-- Task to complete --
The answer is an exact copy of the lines from the one with "產(chǎn)品名字:世達丁腈手套(掌浸)9寸" to the end of the listing below, pictures left out.

=== Begin Enclosure ===

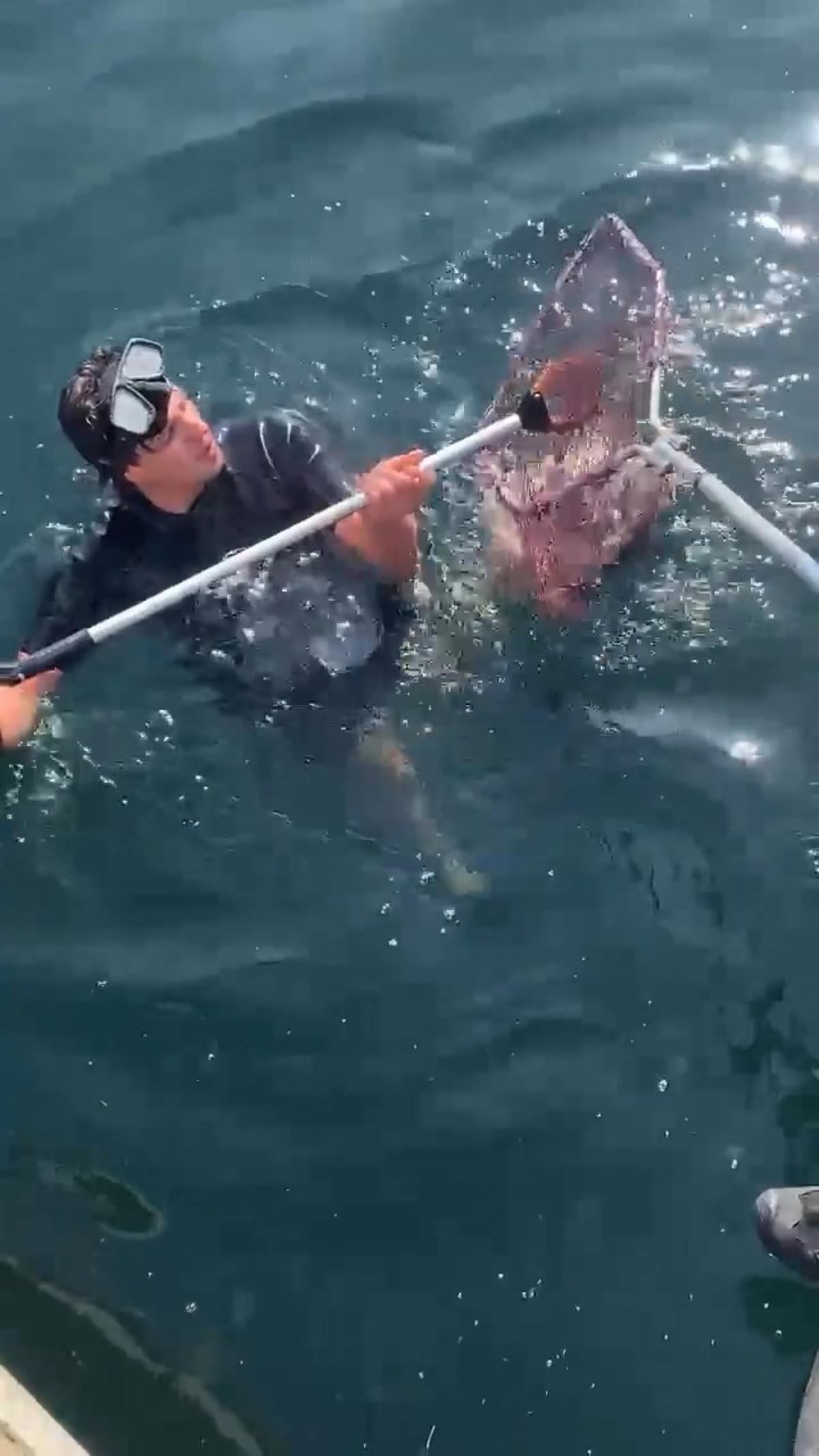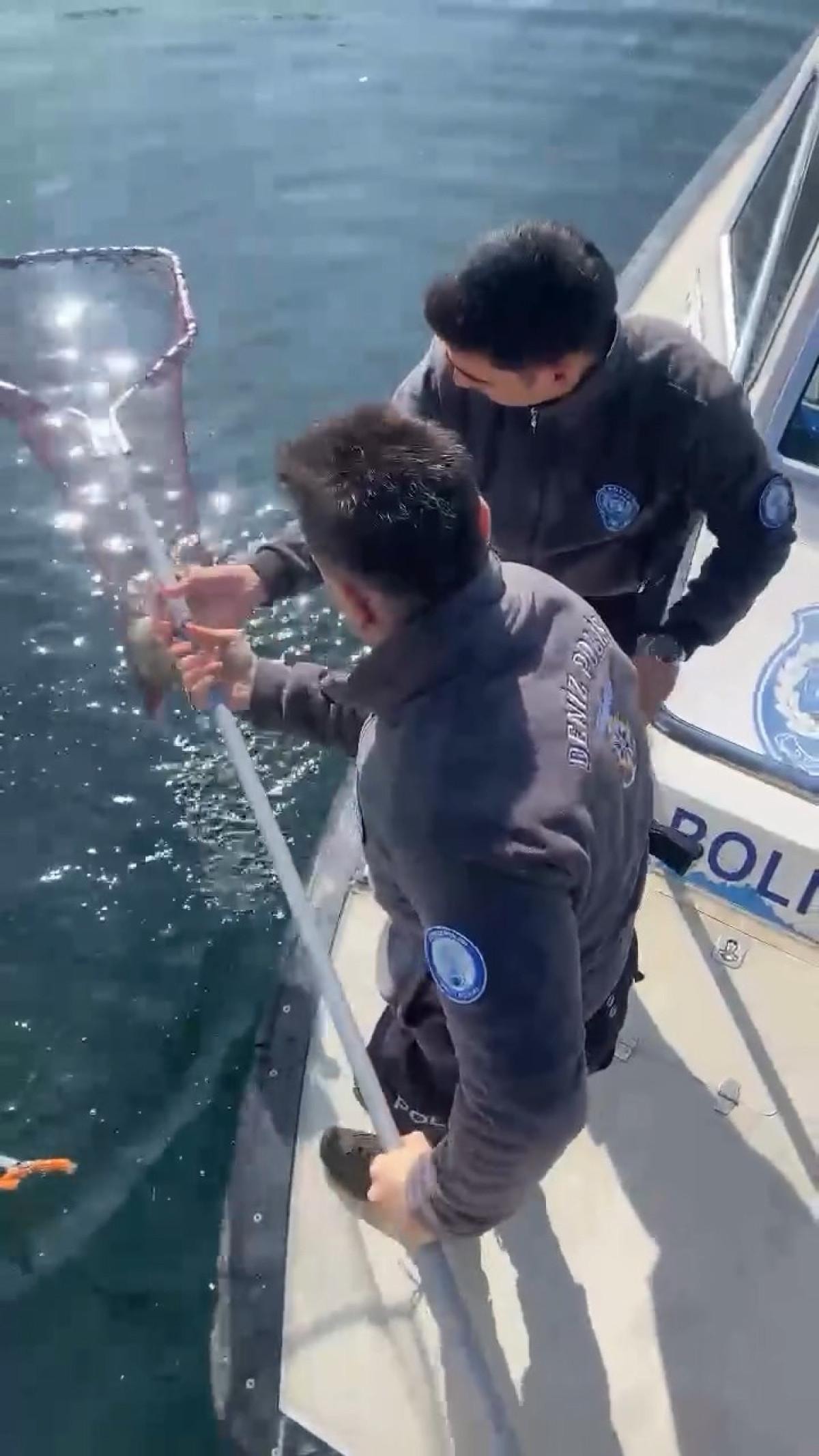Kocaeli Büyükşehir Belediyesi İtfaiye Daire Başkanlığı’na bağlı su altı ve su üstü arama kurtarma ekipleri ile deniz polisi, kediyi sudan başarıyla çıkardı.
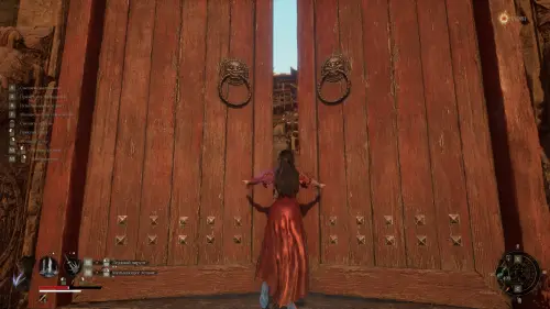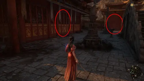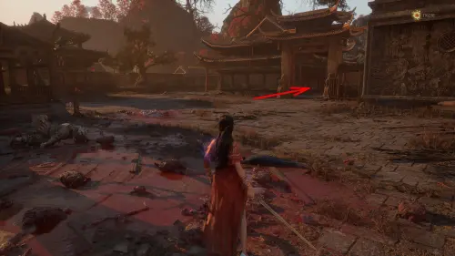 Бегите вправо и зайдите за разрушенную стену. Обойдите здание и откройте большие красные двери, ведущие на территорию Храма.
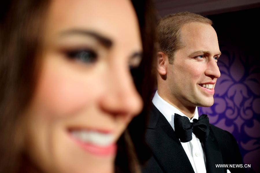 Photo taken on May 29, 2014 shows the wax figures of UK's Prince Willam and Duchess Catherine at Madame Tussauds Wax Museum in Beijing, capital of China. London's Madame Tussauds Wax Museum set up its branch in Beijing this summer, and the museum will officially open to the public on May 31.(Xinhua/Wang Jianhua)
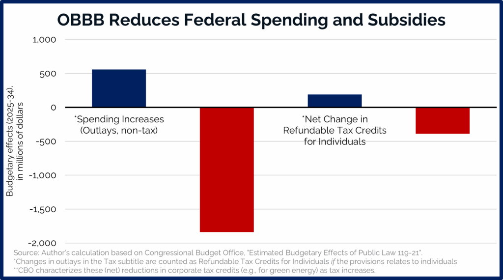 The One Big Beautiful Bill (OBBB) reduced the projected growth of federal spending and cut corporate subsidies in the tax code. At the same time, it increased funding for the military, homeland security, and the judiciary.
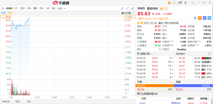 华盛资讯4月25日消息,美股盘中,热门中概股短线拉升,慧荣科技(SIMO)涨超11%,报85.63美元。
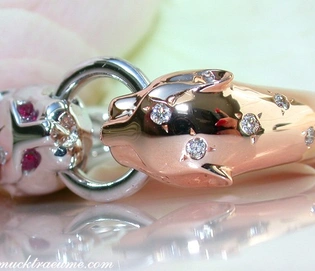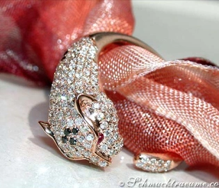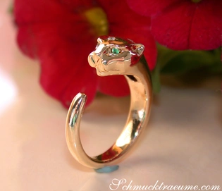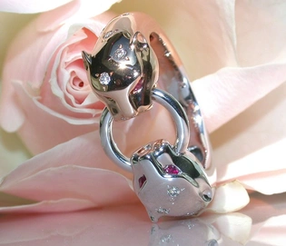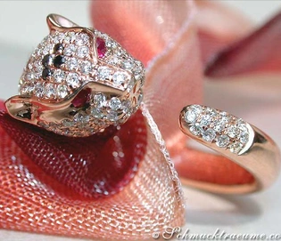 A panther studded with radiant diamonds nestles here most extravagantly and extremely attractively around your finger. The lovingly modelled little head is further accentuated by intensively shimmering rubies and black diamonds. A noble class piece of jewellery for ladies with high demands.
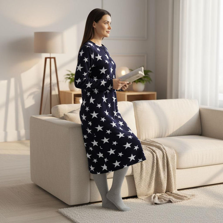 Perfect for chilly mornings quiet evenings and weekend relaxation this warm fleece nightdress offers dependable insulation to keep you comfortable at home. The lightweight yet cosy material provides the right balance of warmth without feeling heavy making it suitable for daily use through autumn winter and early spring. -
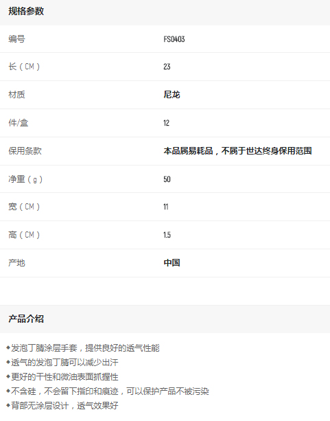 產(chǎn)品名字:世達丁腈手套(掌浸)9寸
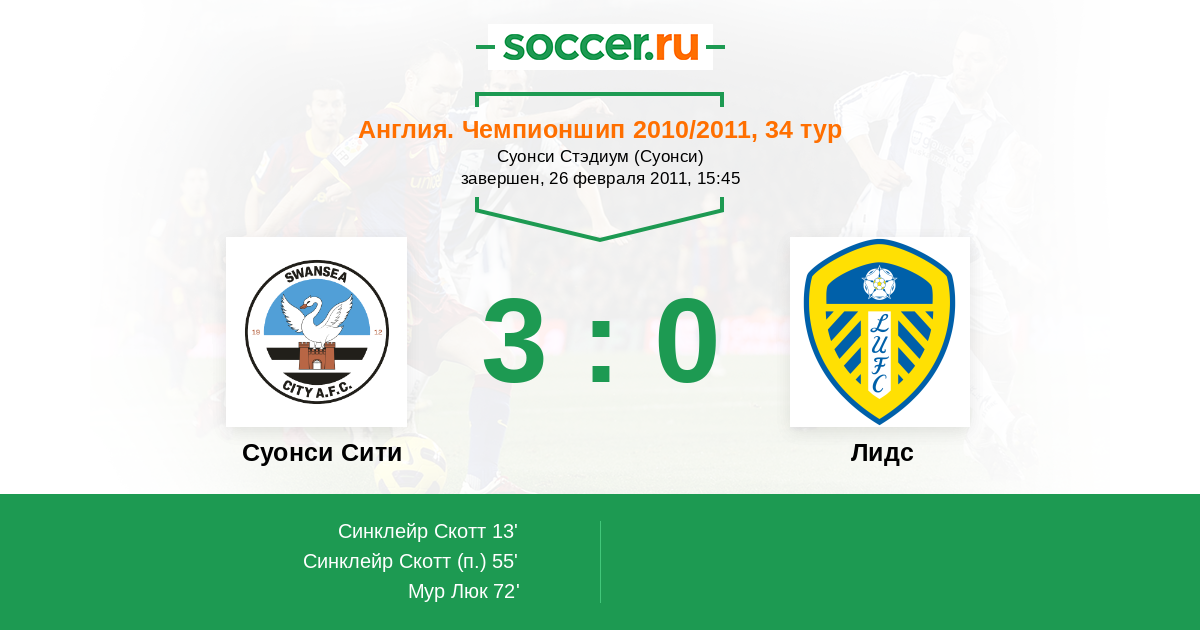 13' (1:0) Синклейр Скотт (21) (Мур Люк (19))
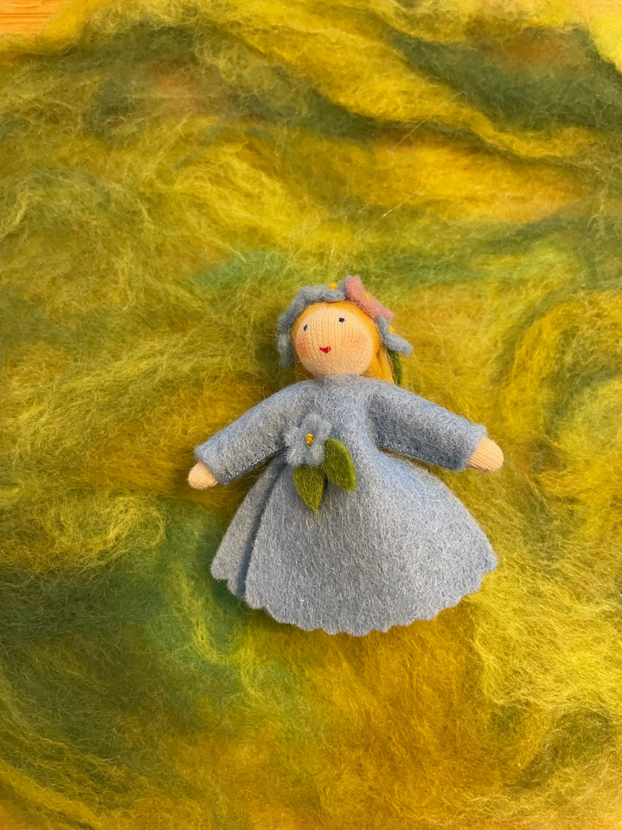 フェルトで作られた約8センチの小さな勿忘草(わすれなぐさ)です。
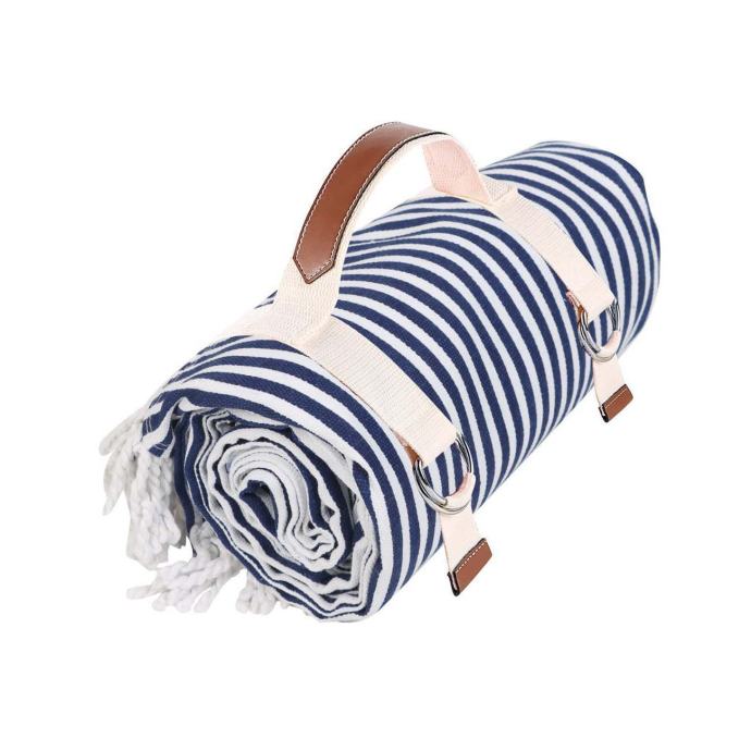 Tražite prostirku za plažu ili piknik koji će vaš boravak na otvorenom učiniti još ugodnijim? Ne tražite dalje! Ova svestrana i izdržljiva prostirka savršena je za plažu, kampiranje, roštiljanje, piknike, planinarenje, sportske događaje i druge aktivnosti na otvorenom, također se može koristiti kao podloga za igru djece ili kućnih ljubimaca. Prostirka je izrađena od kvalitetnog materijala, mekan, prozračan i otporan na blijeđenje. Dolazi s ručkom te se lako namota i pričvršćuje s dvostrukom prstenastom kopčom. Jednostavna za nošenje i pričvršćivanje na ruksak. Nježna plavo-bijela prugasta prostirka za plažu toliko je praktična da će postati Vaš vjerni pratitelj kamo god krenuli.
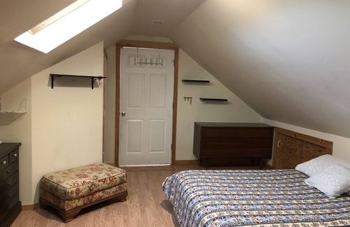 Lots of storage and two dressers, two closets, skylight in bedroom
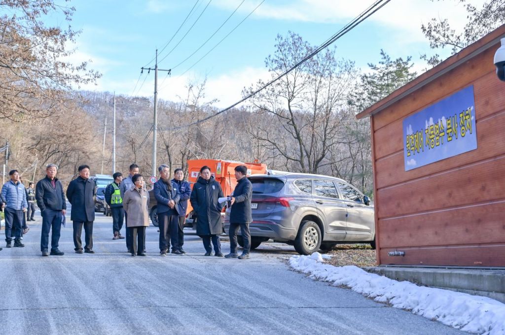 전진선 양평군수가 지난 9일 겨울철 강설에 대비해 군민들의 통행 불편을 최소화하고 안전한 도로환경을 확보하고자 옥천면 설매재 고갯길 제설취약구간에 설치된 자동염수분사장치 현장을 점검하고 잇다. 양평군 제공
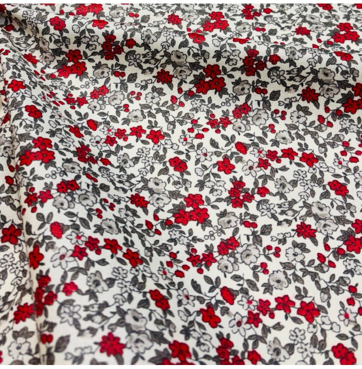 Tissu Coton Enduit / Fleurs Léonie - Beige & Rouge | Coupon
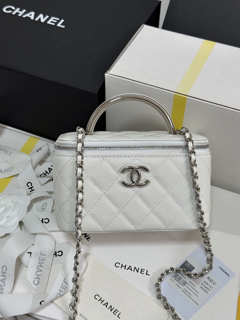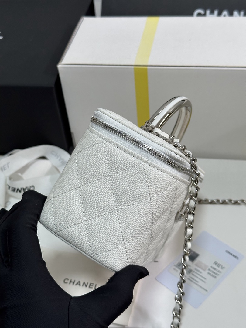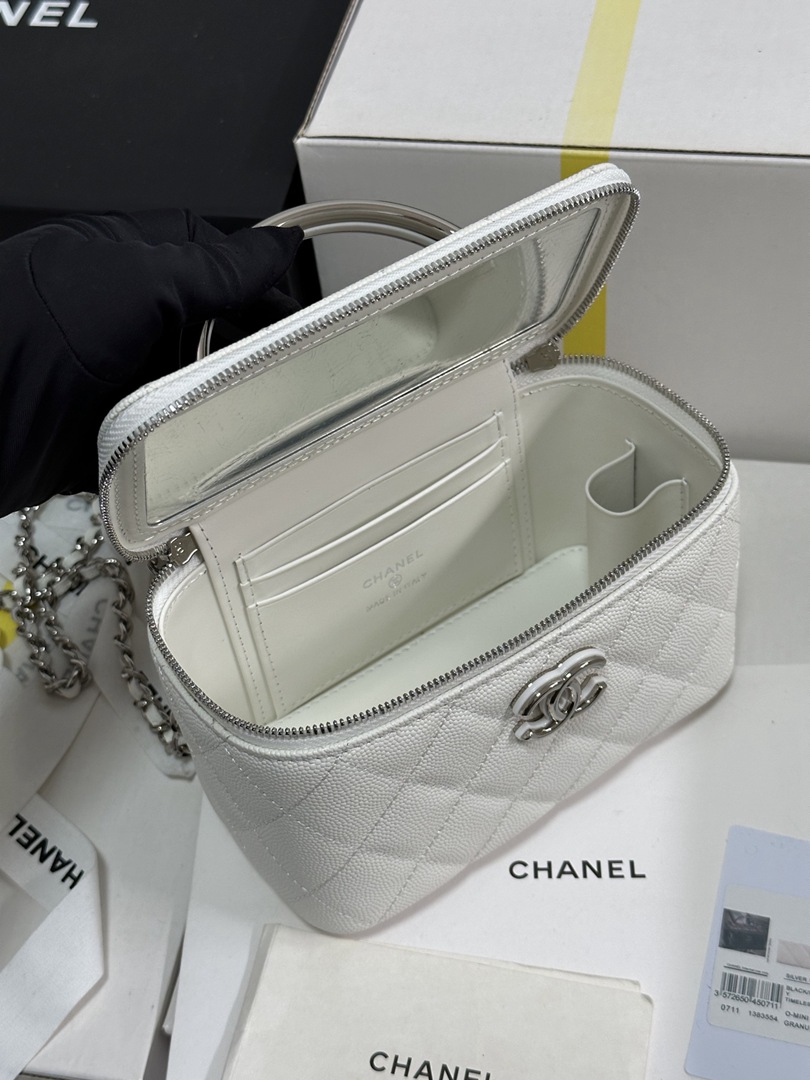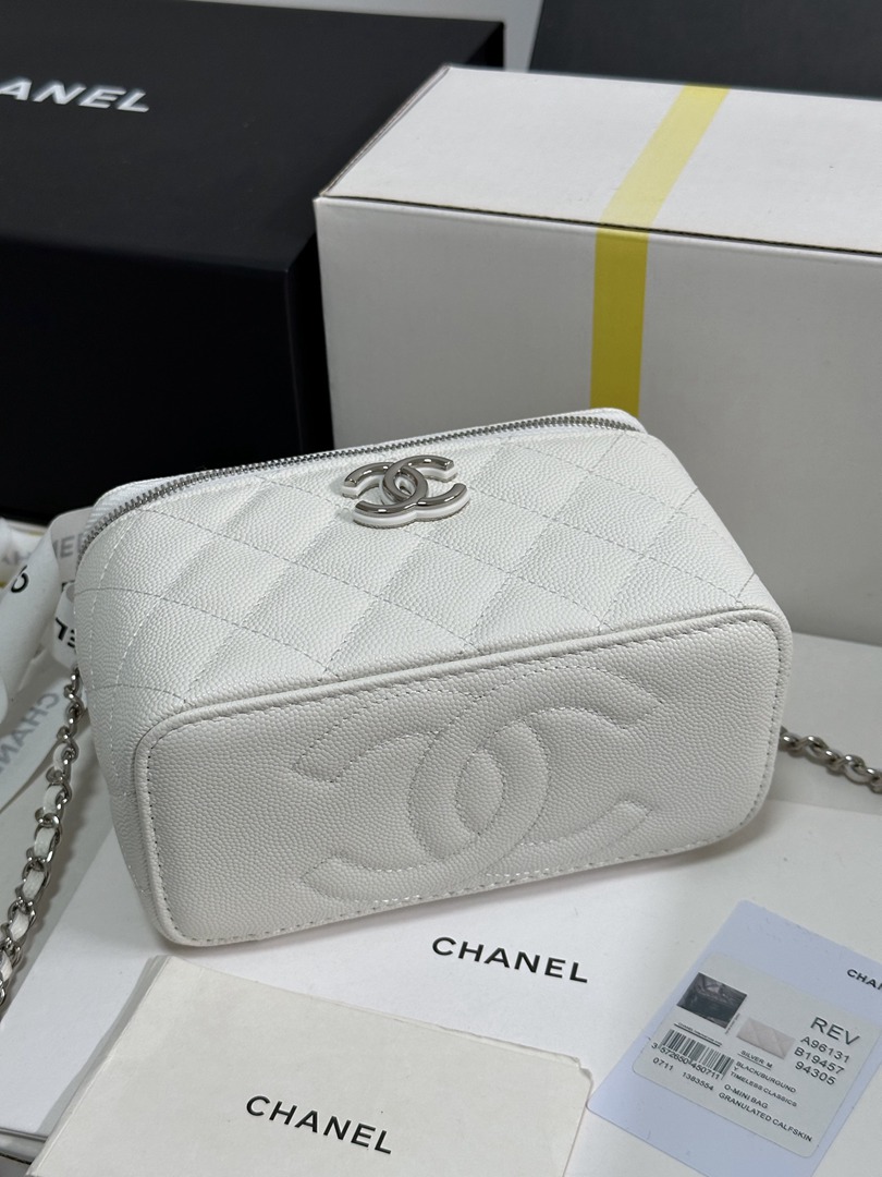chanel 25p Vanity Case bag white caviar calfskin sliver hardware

=== End Enclosure ===

-- Solution for this problem --
 產(chǎn)品名字:世達丁腈手套(掌浸)9寸
 13' (1:0) Синклейр Скотт (21) (Мур Люк (19))
 フェルトで作られた約8センチの小さな勿忘草(わすれなぐさ)です。
 Tražite prostirku za plažu ili piknik koji će vaš boravak na otvorenom učiniti još ugodnijim? Ne tražite dalje! Ova svestrana i izdržljiva prostirka savršena je za plažu, kampiranje, roštiljanje, piknike, planinarenje, sportske događaje i druge aktivnosti na otvorenom, također se može koristiti kao podloga za igru djece ili kućnih ljubimaca. Prostirka je izrađena od kvalitetnog materijala, mekan, prozračan i otporan na blijeđenje. Dolazi s ručkom te se lako namota i pričvršćuje s dvostrukom prstenastom kopčom. Jednostavna za nošenje i pričvršćivanje na ruksak. Nježna plavo-bijela prugasta prostirka za plažu toliko je praktična da će postati Vaš vjerni pratitelj kamo god krenuli.
 Lots of storage and two dressers, two closets, skylight in bedroom
 전진선 양평군수가 지난 9일 겨울철 강설에 대비해 군민들의 통행 불편을 최소화하고 안전한 도로환경을 확보하고자 옥천면 설매재 고갯길 제설취약구간에 설치된 자동염수분사장치 현장을 점검하고 잇다. 양평군 제공
 Tissu Coton Enduit / Fleurs Léonie - Beige & Rouge | Coupon
chanel 25p Vanity Case bag white caviar calfskin sliver hardware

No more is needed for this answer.